# Regionalization

This notebook requires additional dependencies. Please install the following:

* fiona 
* folium
* rasterio 
* geopandas
* pandarus
* bw2regional
* bw2-lcimpact

With this command:

    conda install -y -q -c cmutel fiona rasterio geopandas bw2regional pandarus bw2-lcimpact folium
    
In this notebook, we will go into more technical detail on how regionalized data and matrices are stored and used.

## Before-class preparation

Please run the following cells before this class session.

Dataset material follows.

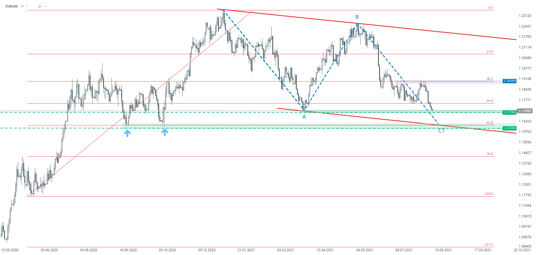 Por último, pero no menos importante, veamos el gráfico EURUSD. El par de divisas principal ha estado cotizando a la baja recientemente. Sin embargo, en una visión a largo plazo (concretamente, desde marzo de 2020), todavía se puede hablar de una tendencia alcista, y el reciente movimiento a la baja puede ser la corrección del patrón técnico ABC (gráfico posterior). Si asumimos tal escenario, el par no puede romper el soporte en 1.1600, que es el resultado de los mínimos de septiembre y noviembre de 2020. Este soporte también está marcado con el nivel 61.8% retroceso de Fibonacci del reciente movimiento alcista, así como el patrón técnico 1:1. Sin embargo, en caso de una caída por debajo de dicha zona, el movimiento a la baja puede acelerarse.
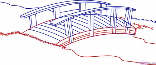 Попросите ребенка нарисовать горизонтальные линии над опорами моста, чтобы создать дорогу. Можно добавить пунктирные линии, чтобы сделать дорогу более реалистичной.

Start by importing some libraries and setting up a new database for sugarcane in Brazil -> ethanol in cars in Europe.

In [1]:
import brightway2 as bw
import bw2regional as reg
import os

import geopandas as gpd
import pandas as pd
import folium
import numpy as np



In [2]:
bw.projects.set_current('bw2_seminar_2017')



In [6]:
imp = bw.ExcelImporter("data/ethanol-inventory.xlsx")
imp.apply_strategies()
imp.match_database("ecoinvent 2.2", fields=('name', 'unit', 'location'))
imp.statistics()

Extracted 1 worksheets in 0.00 seconds
Applying strategy: csv_restore_tuples
Applying strategy: csv_restore_booleans
Applying strategy: csv_numerize
Applying strategy: csv_drop_unknown
Applying strategy: normalize_units
Applying strategy: normalize_biosphere_categories
Applying strategy: normalize_biosphere_names
Applying strategy: strip_biosphere_exc_locations
Applying strategy: set_code_by_activity_hash
Applying strategy: link_iterable_by_fields
Applying strategy: assign_only_product_as_production
Applying strategy: link_technosphere_by_activity_hash
Applying strategy: drop_falsey_uncertainty_fields_but_keep_zeros
Applying strategy: convert_uncertainty_types_to_integers
Applied 14 strategies in 0.15 seconds
Applying strategy: link_iterable_by_fields
2 datasets
9 exchanges
0 unlinked exchanges
  


(2, 9, 0)



In [7]:
imp.write_database()

Writing activities to SQLite3 database:
0%  100%
[##] | ETA: 00:00:00
Total time elapsed: 00:00:00


Title: Writing activities to SQLite3 database:
  Started: 03/24/2017 14:04:43
  Finished: 03/24/2017 14:04:43
  Total time elapsed: 00:00:00
  CPU %: 113.70
  Memory %: 0.43
Created database: Sugarcane




We already know that regionalization involved matching different maps of the world. We start by telling the program which maps are used by ecoinvent and our case study database:

In [10]:
bw.databases['ecoinvent 2.2']['geocollections'] = ['world', 'ecoinvent 2.2']
bw.databases['Sugarcane']['geocollections'] = ['world', 'ecoinvent 2.2']
bw.databases['biosphere3']['geocollections'] = []
bw.databases.flush()



Next, we import some basic regionalization information (just like `bw2setup`). This function defines all the spatial units used in ecoinvent (all countries in the world, but also agglomerations like "Northern America" or "ENTSO-E").

In [10]:
reg.bw2regionalsetup()

Downloading and creating world geocollections
Adding world topology
Adding ecoinvent-specific topology




Next, we import a partial implementation of the LC IMPACT regionalized LCIA methods. The following function will also define new maps for each impact category, such as watersheds, ecoregions, or others.

In [3]:
from bw2_lcimpact import import_regionalized_lcimpact



In [None]:
import_regionalized_lcimpact()

We now define a third spatial scale - detailed maps of where sugarcane is grown, combined with its land- and water-use intensity. In this case, we need to *name* these maps, and give the computer information on *where* the spatial data sources are located.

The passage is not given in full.